Ratio metrics measure the ratio of two metrics (Count, Sum, Count Distinct, or Unit Count).

Use cases

Ratio metrics provide more nuanced understanding: revenue went up and purchase volume increased, but did revenue per purchase increase in a meaningful way?

Ratio metrics also normalize metrics. For example, if you rent out devices like scooters, you might run a scooter-level experiment but want to measure average revenue per distinct rider. You can create a metric of SUM(revenue)/COUNT_DISTINCT(rider_id) to calculate this normalized metric and reduce the influence of scooters in popular areas that get many riders.

Calculation

At the unit level, ratio metrics calculate the unit-level aggregation of both component metrics.

At the group level, the mean is the total group value of the first metric divided by the total group value of the second metric.

The denominator is not the number of units in the experiment; the normalization is by the denominator metric.

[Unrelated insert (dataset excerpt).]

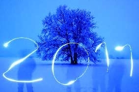 2010年12月30日,德国一摄影师通过长时间曝光拍下的一名男子站在雪地里手持电筒面向蓝色的夜空写出的“2011”。
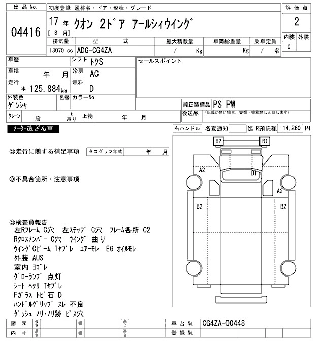 Статус выставлен на аукцион Лот 4416 Аукцион ARAI Oyama VT Дата аукциона 24.01.2026

The SQL for this calculation:

sql
-- Denominator (Checkouts)
SELECT
  source_data.unit_id,
  exposure_data.group_id,
  COUNT(1) as denominator
FROM source_data
JOIN exposure_data
ON
  -- Only include users who saw the experiment
  source_data.unit_id = exposure_data.unit_id
  -- Only include data from after the user saw the experiment
  -- In this case exposure_data is already deduped to the "first exposure"
  AND source_data.timestamp >= exposure_data.timestamp
GROUP BY
  source_data.unit_id,
  exposure_data.group_id;

-- Numerator (Revenue)
SELECT
  unit_id,
  group_id,
  SUM(revenue) as numerator
FROM source_data
GROUP BY unit_id, group_id;

-- Group Level
SELECT
  group_id,
  SUM(numerator)/SUM(denominator) as mean
FROM denominator
-- full outer join depending on settings
LEFT JOIN numerator
USING (group_id)
GROUP BY group_id;

Methodology notes

Ratio metrics require adjustment because the numerator and denominator may covary at the unit level. Statsig uses the delta method to estimate this adjustment.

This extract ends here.